First, a biosecurity system is only as strong as its weakest link (15, 16). This key notion is often lost when providing an overall score. For example, let us imagine a biosecurity assessment that considers 5 management areas, scored on a scale of 0–10. A farm that consistently performs 8/10 across 5 management areas gets the same overall score as a farm that scores 9/10 across 4 management areas and 4/10 for the remaining area. Yet, while the former farm is consistent in their level of biosecurity the latter farm jeopardizes the work that it does in several areas by very poor biosecurity practices in one area. Thus, existing tools focusing on overall scores, or benchmarking, fall short of helping producers identify their weakest links and prioritize their improvement efforts. Moreover, both because of the criteria considered and because scoring is based on self-reported practices, biosecurity tools typically do not consider how well biosecurity practices are implemented. Recently, data-driven tools have improved on some of the above limitations, as they provide tailored recommendations to individual farms, helping them understand their strengths and weaknesses and prioritize areas of improvement. However, such tools have typically been developed, at least initially, for endemic diseases (e.g., Rabapp for PPRSv), and their applicability to FADs assumes equivalent disease dynamics and/or requires some sort of adaptation for FADs (17).

Second, the biosecurity scores are not necessarily explicitly tied to the mechanisms of potential entry of FADs and specific practices that need improvement, and thus can fail to provide a rationale or “buy-in” to the producer and farm staff for implementing recommended practices, especially if costly or time-consuming. The success of any biosecurity effort depends on high compliance in the implementation of the measures. Creating a clear link between mitigation measures and their intended risk reducing purpose is key to create a “biosecurity mindset.”

Finally, in most biosecurity tools reviewed, the emphasis is on external biosecurity, while only a few (e.g., Biocheck.UGent) differentiate external vs. internal biosecurity scores. Addressing “internal” biosecurity helps prevent the spread of the disease on the farm and facilitate control to ultimately mitigate disease impact, which can be critical for continuity of business of multi-site swine premises in the face of a FAD epidemic. This is particularly important for ASF given the difficulty in eradicating it from affected regions.

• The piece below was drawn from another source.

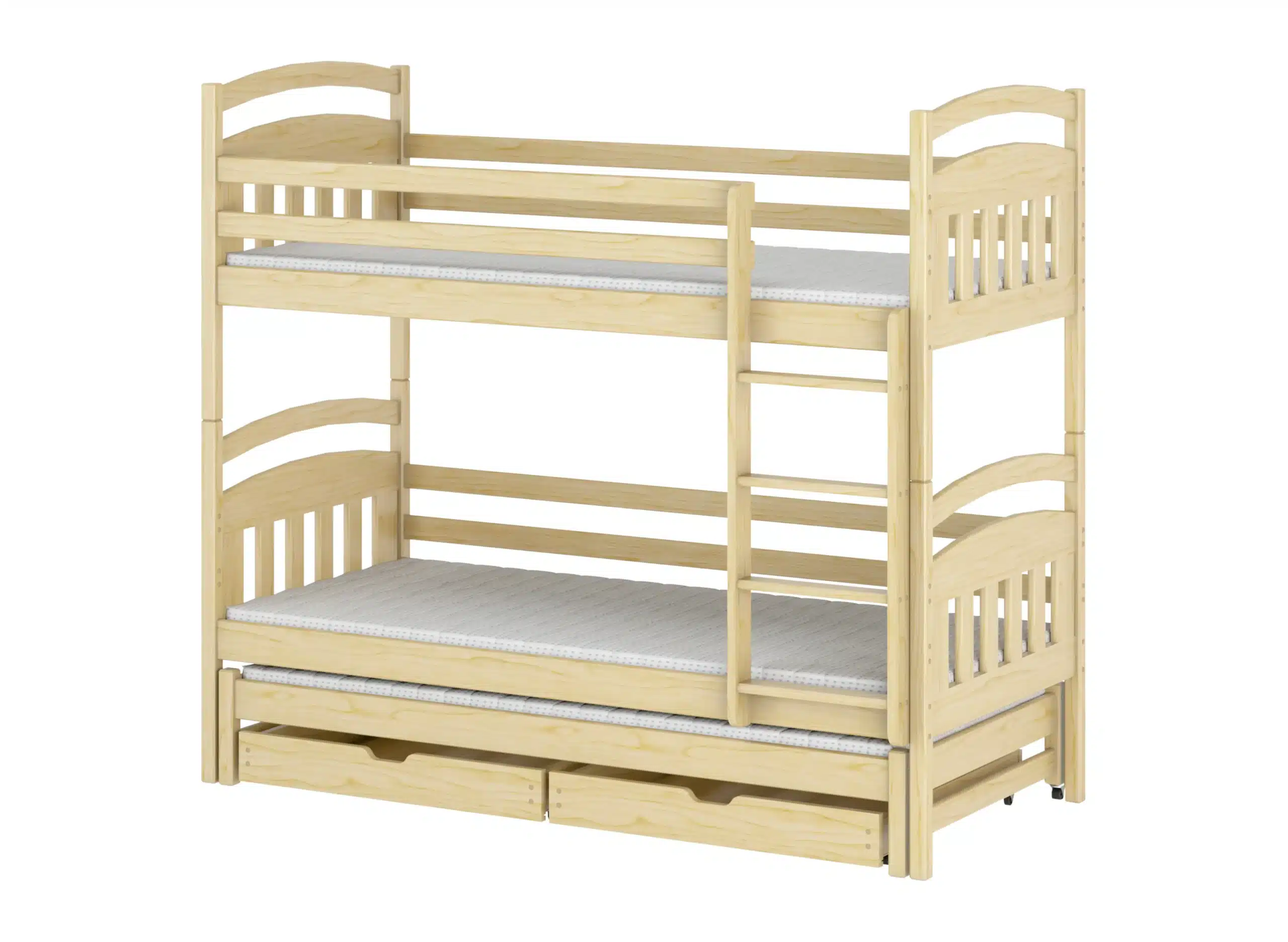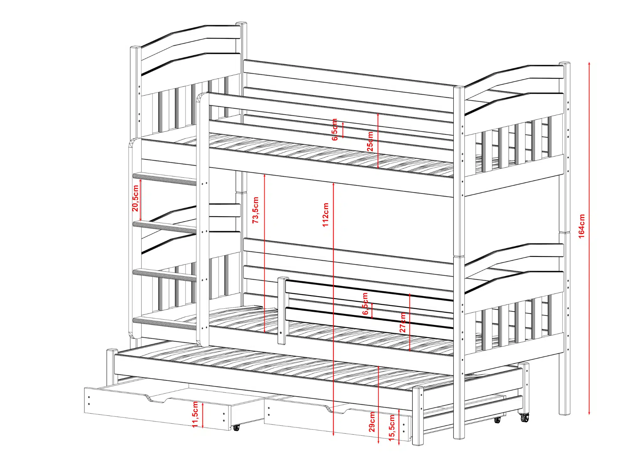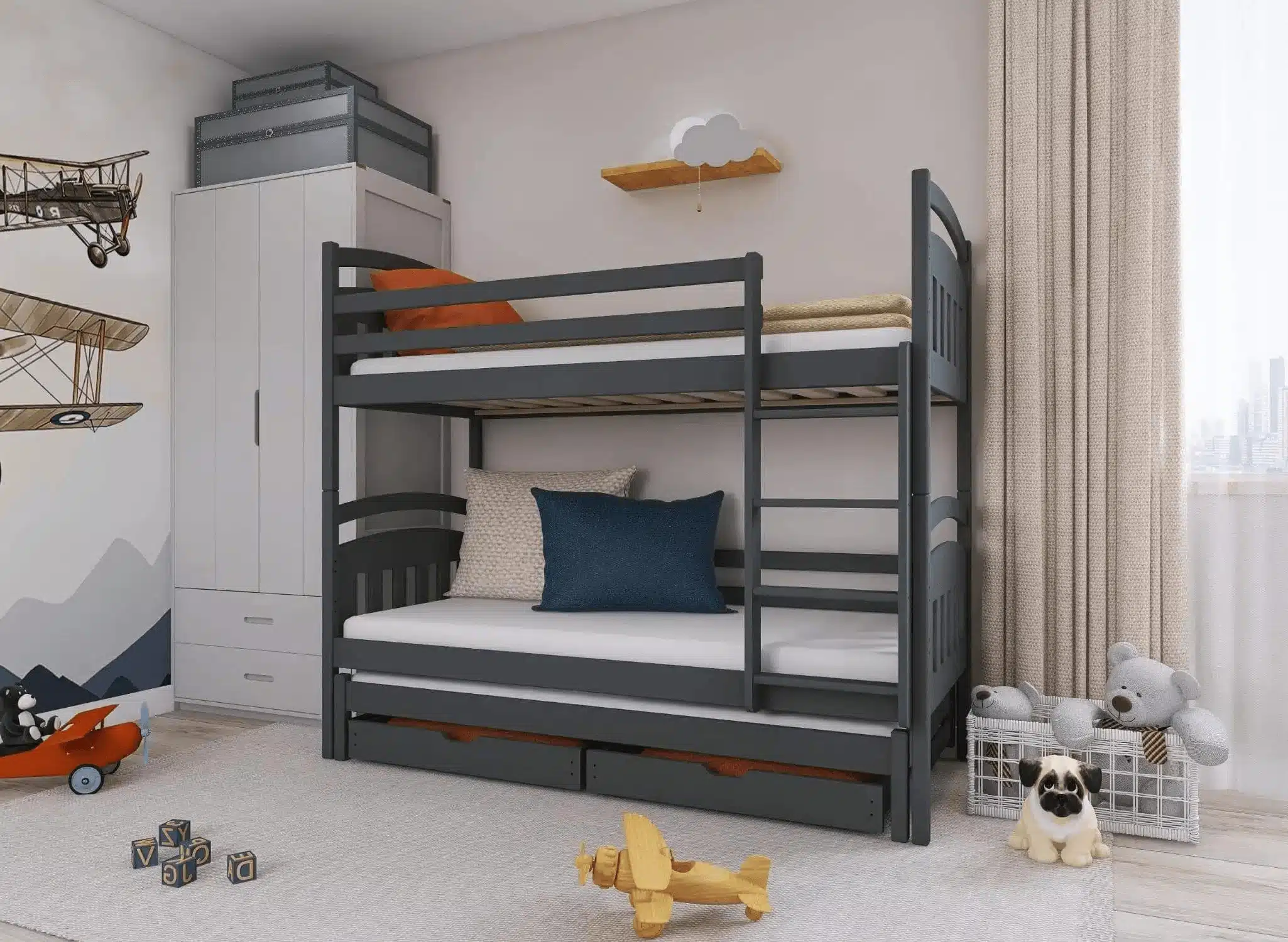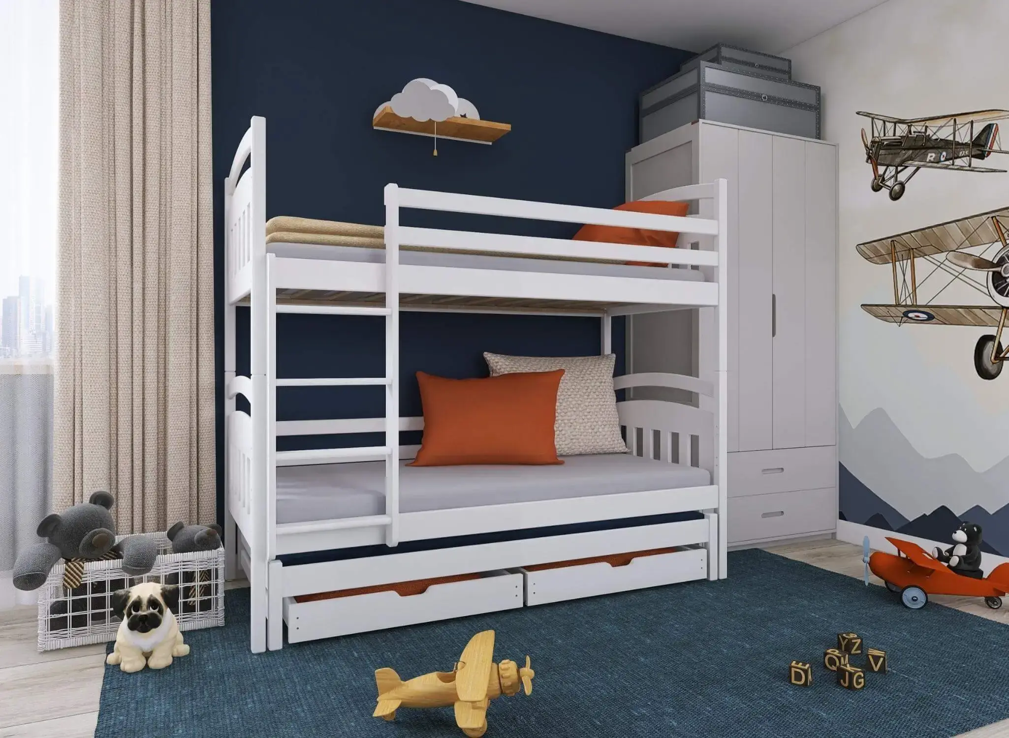 Trojlôžková poschodová posteľ NELA sa perfektne osvedčí, ak chceš vytvoriť pohodlné podmienky na spanie pre tri deti. Tri miesta na spanie s takmer rovnakými rozmermi zabezpečia každému dieťaťu optimálny komfort počas noci, bez ohľadu na to, na ktorej úrovni spí. Tretí matrac môže byť aj dodatočnou možnosťou pre hostí alebo miestom, kde sa budú deti hrať, aby nezanechávali hračky v posteli.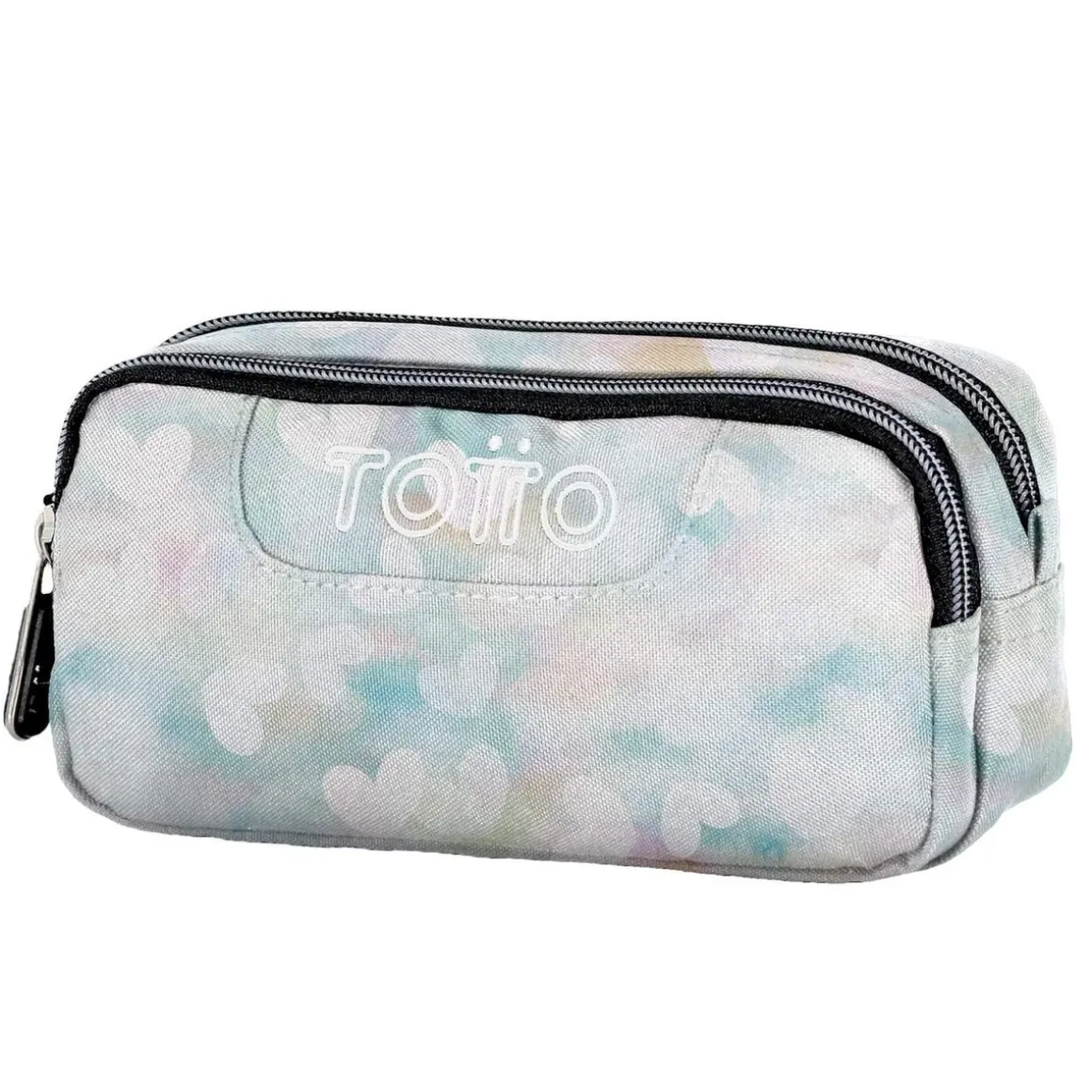 Totto – Estuche escolar dos compartimentos corazones pastel Sobre, un estuche escolar con dos espaciosos compartimentos con cremallera.

Using risk analysis for identifying mitigation measures, and developing and improving a biosecurity plan

The World Organization for Animal Health (WOAH, formerly OIE), defines the risk assessment component of risk analysis as the “evaluation of the likelihood and the biological and economic consequences of entry, establishment and spread of a hazard” (18), while risk communication is the “interactive transmission and exchange of information and opinions throughout the risk analysis process.” And Grabill and Simmons (19) argue that an effective risk analysis approach necessitates that “researchers work with audiences in the construction of knowledge (e.g., risk)” to create awareness and identify workable remedial actions.

Here, the audience would be the farmers, ASFv would be the hazard of interest, and the risk, i.e., its entry into farms (or spread within a farm), may take place through a variety of pathways. Figure 1 depicts a simplified diagram of such potential pathways, grouped by the primary source of infection. A pathway represents the “steps” (or events) needed for the virus to be introduced onto a farm. Preventing one, or multiple, of such steps from occurring will result in a mitigation of the risk through that pathway. The likelihood associated with each pathway may be evaluated by reviewing the chain of events that are required for ASF to spread. For example, for ASF entering a farm through food for human consumption, the food will need to be (1) infected with ASF, (2) taken into the farm, and (3) fed to the pigs intentionally or unintentionally. One or multiple mitigation options could then be conceived for each of such pathway events (see gray boxes on Figure 1 - e.g., workers are not allowed to bring their own food, and all food from the cafeteria is incinerated), and their effect estimated while considering compliance.

Figure 1

Possible pathways (white boxes, n = 10) of introduction of African Swine Fever (ASF) into commercial pig farms, grouped by the primary source of infection (ovals, n = 4) and indicating proposed mitigation measures for each of them (gray boxes, n = 10).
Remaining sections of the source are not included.